A travers l’histoire de la Chine, les périodes de conflits conduisirent à la formation de pouvoirs locaux et à l’utilisation de la force. Dans certains cas, il arriva que certains pratiquants de Tai Ji se retrouvent impliqués dans la pacification de certaines régions, avec la nécessité de mettre en application immédiatement l’instruction du Tai Ji martial. Les aspects philosophiques et méditatifs de l’art furent graduellement abandonnés par la plupart des gens, l’instruction se limitant presque exclusivement à son aspect combatif.

Les vrais maîtres de Tai Ji demeurèrent dans les montagnes et vécurent une vie monacale avec leurs adeptes dans le but de poursuivre l’art authentique. Ils méditaient et pratiquaient journellement pour discipliner leur corps, conditionner leur esprit et cultiver l’essence. De cette manière, le système d’origine fut préservé plus ou moins intact. »...

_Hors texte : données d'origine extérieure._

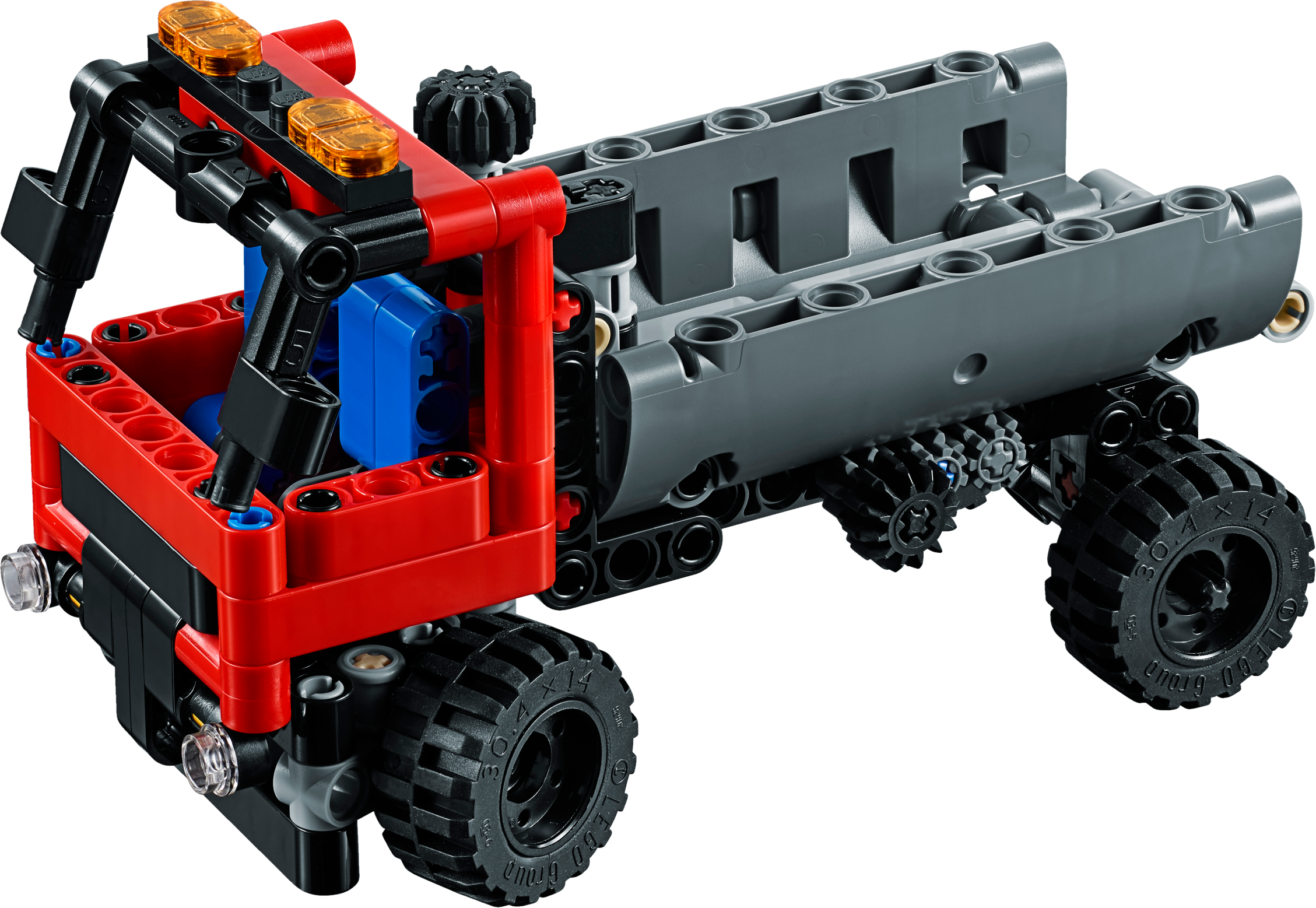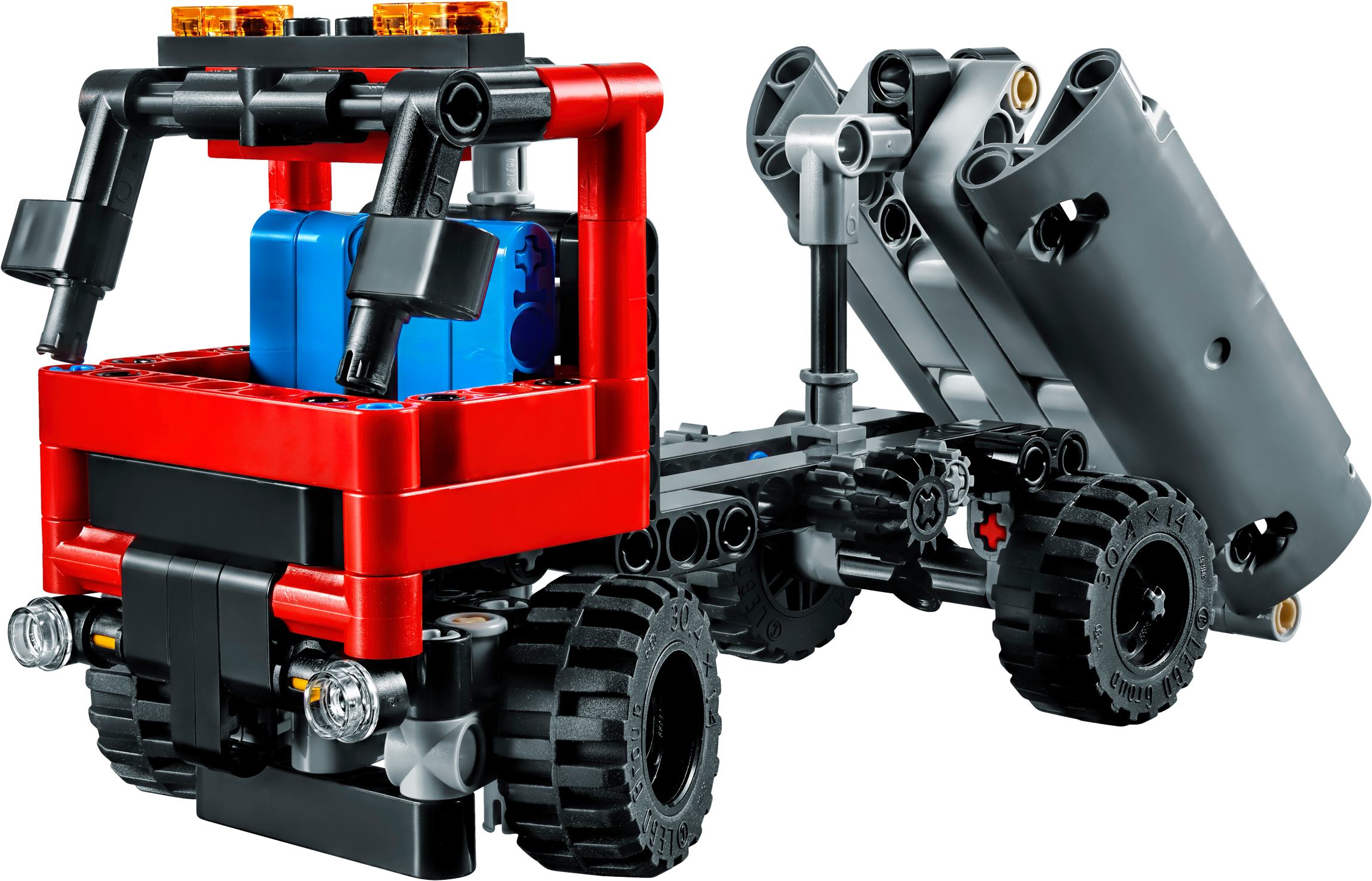 Enjoy a rewarding build-and-play experience with this authentic LEGO® Technic replica of a real-life hook loader, featuring a driver’s cab, heavy-duty tires, large warning light, working steering and hook loading functionality. Turn the crank to lift and lower the cargo container to and from the truck chassis. This 2-in-1 advanced building set can be rebuilt to create an Airport Fire Truck. Features working steering and hook loading functionality, driver’s cab, warning light, heavy-duty tires and a cargo container. Check out the red, gray and black color scheme. Activate the hook loading function to lift and lower the container. This LEGO® Technic advanced building set is designed to provide an immersive and rewarding building experience. Designed for indoor use only. 2-in-1 model: rebuilds into an Airport Fire Truck. Suitable for ages 7-14. Hook Loader measures over 3” (8cm) high, 5” (14cm) long and 2” (7cm) wide. Airport Fire Truck measures over 3” (8cm) high, 6” (16cm) long and 2” (7cm) wide.

« Dans les périodes de paix et quand le besoin d’apprendre à se défendre eut disparu, ceux qui enseignaient leur art de manière professionnelle continuèrent à professer suivant un mode familial. Ils apprenaient seulement à ceux qui se montraient vraiment interessés et surtout à leur progéniture, pour qu’elle puisse à son tour en faire sa profession. Les noms des familles finirent par devenir associés aux différents style de Tai Ji (par exemple le style Ch’en, le style Yang, le style Wu). Nombreux sont les styles qui demeurent aujourd’hui encore. Chaque style avait ses particularités mais tous se conformaient aux principes classiques du Tai Ji. Aujourd’hui le style de Tai Ji tel qu’il était pratiqué dans les temples reste le plus authentique. »

« ...aussitôt que l’empire des Ching apprit qu’il existait un art sophistiqué comme le Tai Ji, ils enrôlèrent le maître le plus fameux de l’époque. Yang Lu-Chang (1799-1872), qui créa le style de la famille Yang, récalcitrant à se mettre au service des Mandchous, modifia volontairement les formes méditatives, les transforma en une sorte d’exercice extérieur, qui comportait des mouvements lents, ignorant complètement la philosophie interne et la discipline mentale qui sont la clef du Tai Ji. A partir de cette époque, le style familial du Tai Ji se transmit de manière plus restreinte... »

« C’est ainsi que la forme modifiée du Tai Ji Quan devint le Tai Ji Quan d’aujourd’hui, ou le soi-disant exercice de Tai Ji. Ce Tai Ji là est pratiqué publiquement en Chine à l’heure actuelle. A notre époque, il se peut qu’une personne reçoive une instruction dans l’art du Tai Ji pendant des années et quel que soit le style qu’on lui enseigne, elle n’apprenne seulement « que » le Tai Ji public. En d’autres termes presque tout le Tai Ji enseigné aujourd’hui n’a rien de commun avec le Tai Ji d’origine et se trouve dénué de sens...Si quelqu’un s’investit sérieusement dans l’étude du Tai Ji, dans une recherche de l’Art authentique, alors le style monastique fait son apparition. On peut apprécier à sa juste valeur le courage et le dévouement des maitres qui ont préservé la lignée du Tai Ji monastique au cours du temps. Ceci est notre héritage ».